We were both quite disappointed in our results but the sting is subsiding and plans for our next attempt are being formed. One thing for sure, it'll be a heck of a lot better than being at work.


----------



## 9 (Jan 17, 2000)

FREEPOP said:


> We'll give it another shot. I told my partner that I didn't get my otter the first time I tried, so success will be sweeter when it does happen. We extremely cut our anticipated line down because of the weather. I took 75 traps with me and I believe I only had about 15 out. I'm a firm believer in having twice the traps you'll need so I hoped to have about 40 out. We decided on a smaller, fairly easy route that we could get too if we got really dumped on. From what I've read, cat's territories can be quite big so even if you set on sign, it may not come through again in thd ten day season. I know for coyotes, I like traps out for 2 weeks minimum. Big woods Trapping is definitely new to both of us, we're farm field trappers and that adds a new twist.
> We were both quite disappointed in our results but the sting is subsiding and plans for our next attempt are being formed. One thing for sure, it'll be a heck of a lot better than being at work.


Interesting about MI bobcat ranges. I had property east of Lewiston for over 30 years and I seemed to have cats on it all the time. I also never had a shortage of bunnies either so I figured I had a resident cat population and their range was only as large or small as their prey base.

Now here in Midland Co., where the farm ground meets the big woods, I see the same scenerio on my deer hunting properties. If there is a good prey base and I've got cats, I have cats all the time! Once the prey base drops, my cats leave.

It's been my observation that whether I have a good or poor cat population any given year, I find a dead deer from hunting season or whatever, if there is a cat or family of cats in the area, it'll/they'll be guarding that carcass! When that happens, things become almost too easy. The cats will have trails to/from and around the perimter of the carcass so it's easy picking with trail sets. First night doubles are common.

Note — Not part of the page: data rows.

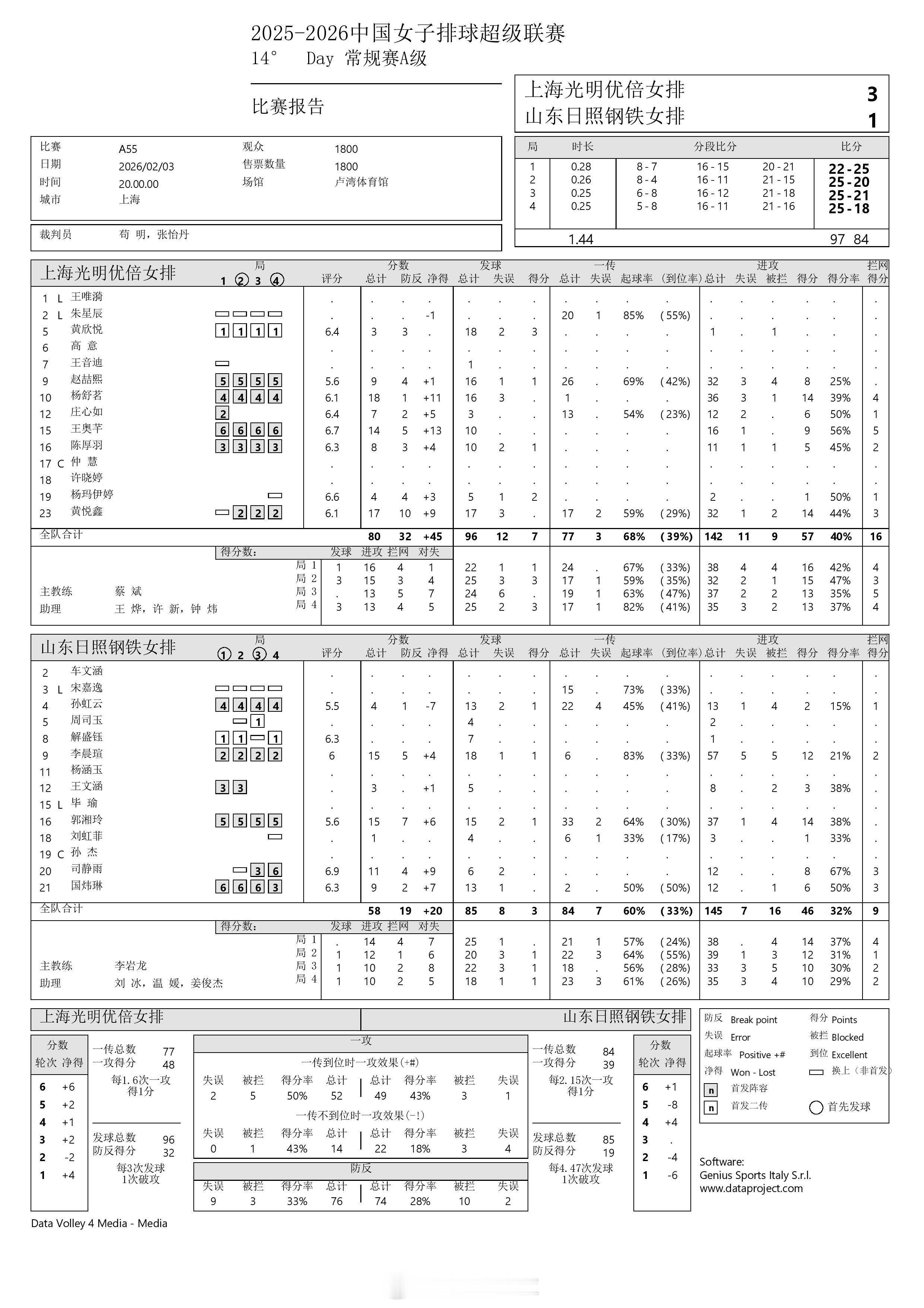 中国女排超级联赛 A级常规赛末轮,上海3-1逆转山东。杨舒茗18分全场最高,王奥芊拦网5分。
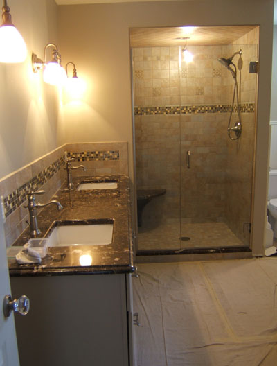 Door and notched panel in Bangor on a Swanstone shower. GC: Austin Toothaker
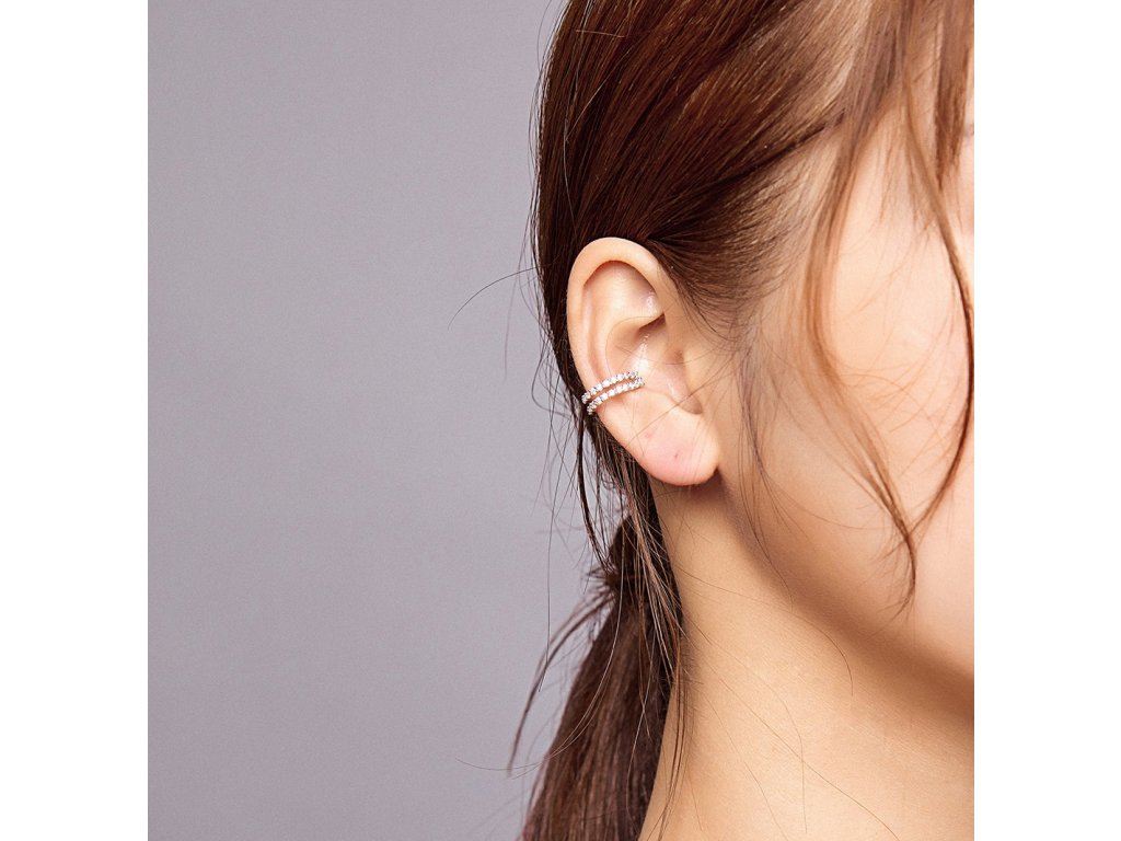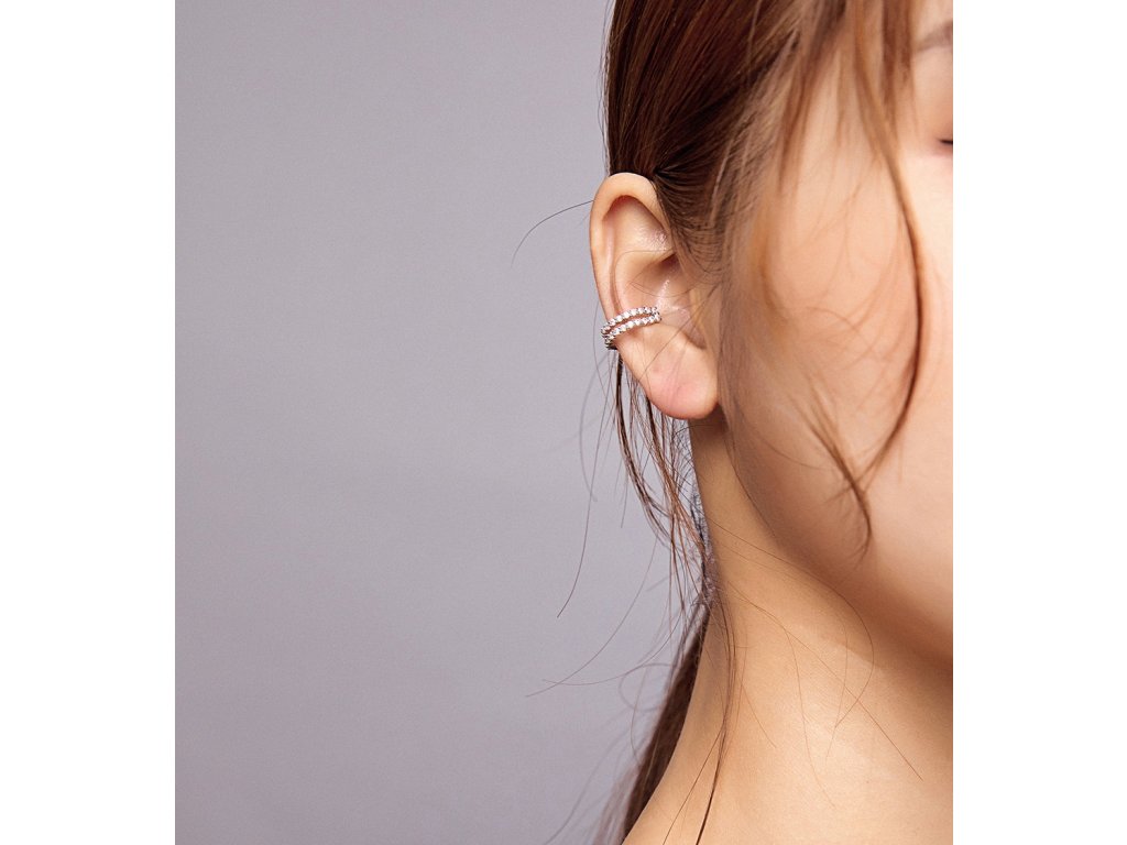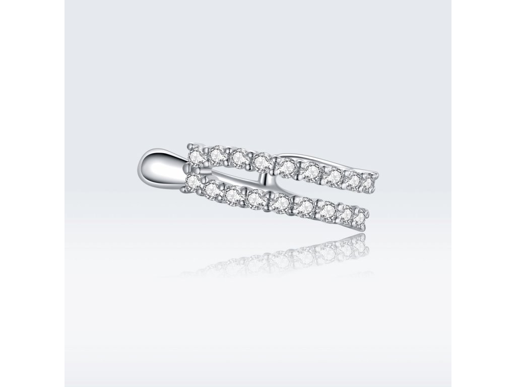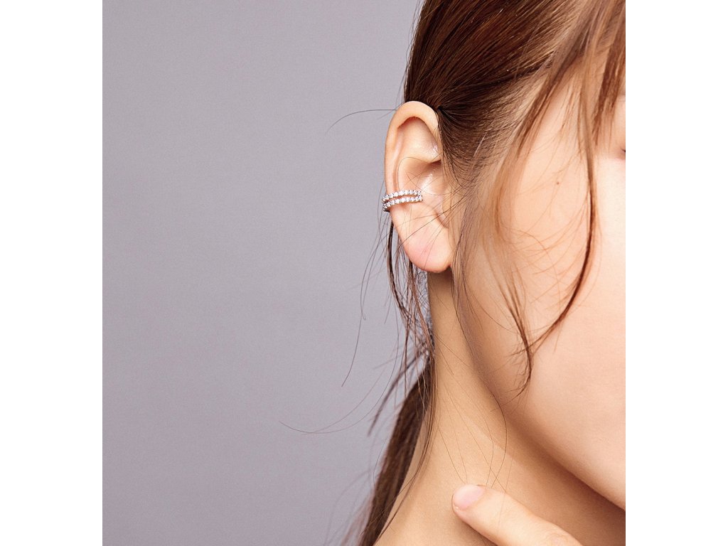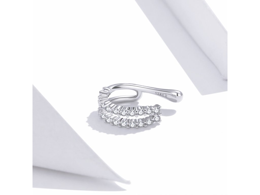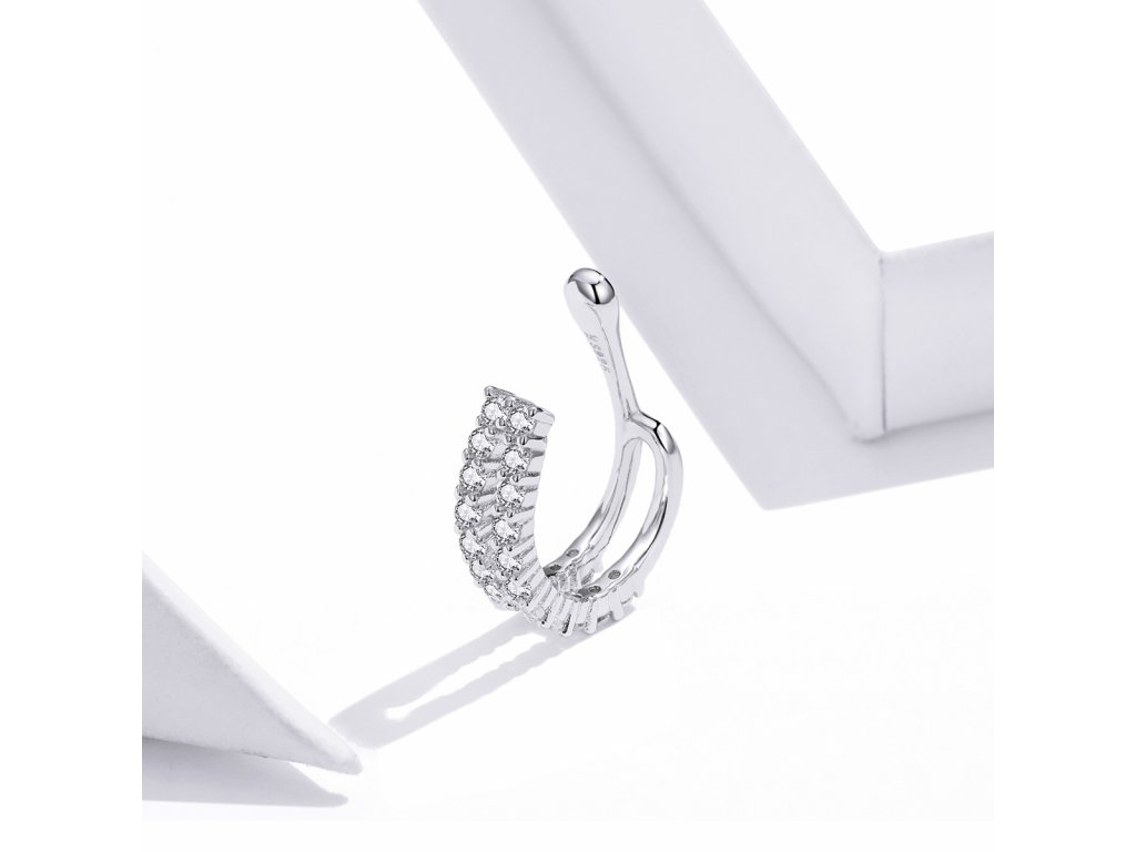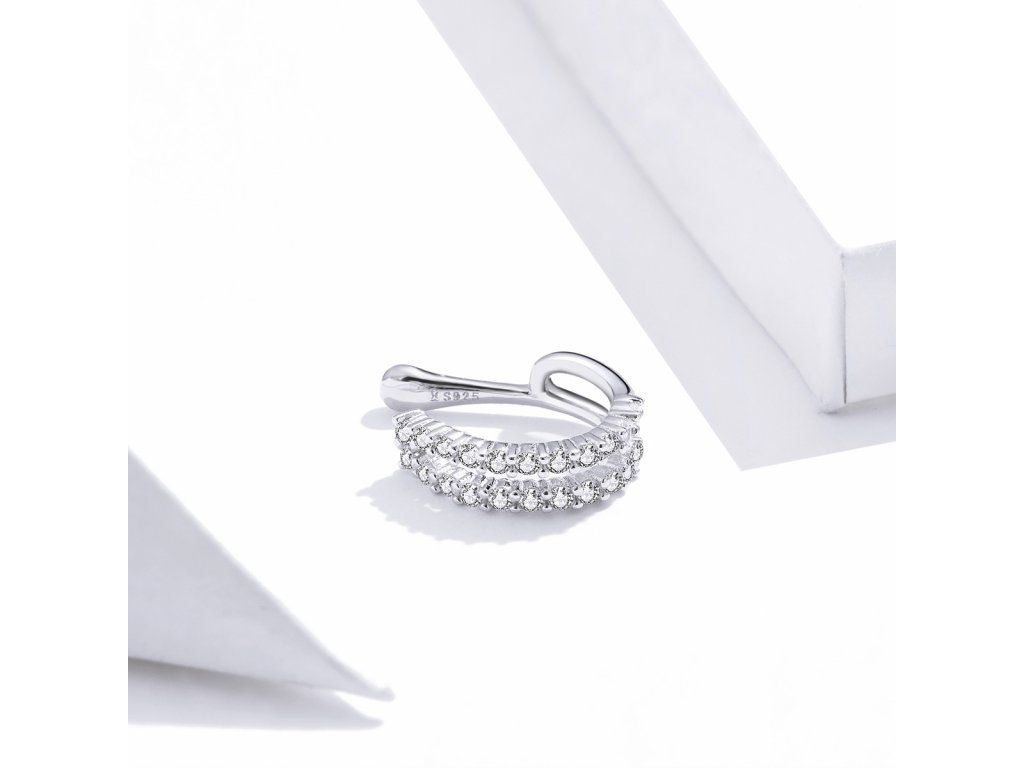- Stříbrná náušnice nebo-li záušnice přes ucho v designu Oslnivého třpytu v podobě třpytivých čirých zirkonů. Originální design náušnice, kvalitní zpracování a materiál, ručně dohotovené.

On one large property there is a huge pile of tree root balls that the contractor hauls in. This pile is possubly 30' high and covers about 2 acres with a truck ramp going up one side. The full-time operator that works the are tells of watching familes of up to 3 cats at a time sitting atop the stump ends looking like owls, watching for prey as he moves and dumps loads of stumps.


----------



## FREEPOP (Apr 11, 2002)

I agree Seldom and that was another piece of the puzzle I was hoping to find was prey and we saw no sign There were many places that I have run the dogs on hare that we wanted to get too but access was questionable.


----------



## plugger (Aug 8, 2001)

I helped an ex student of mine release a bobcat several years ago and it was caught in a straw set for fox. The cat got caught the first night traps were set. A year ago my brother in-law hit a bobcat with his truck. I am pretty sure it was feeding or investigating a dead deer that was on the side of the road. The DNR naturally took the bobcat.


----------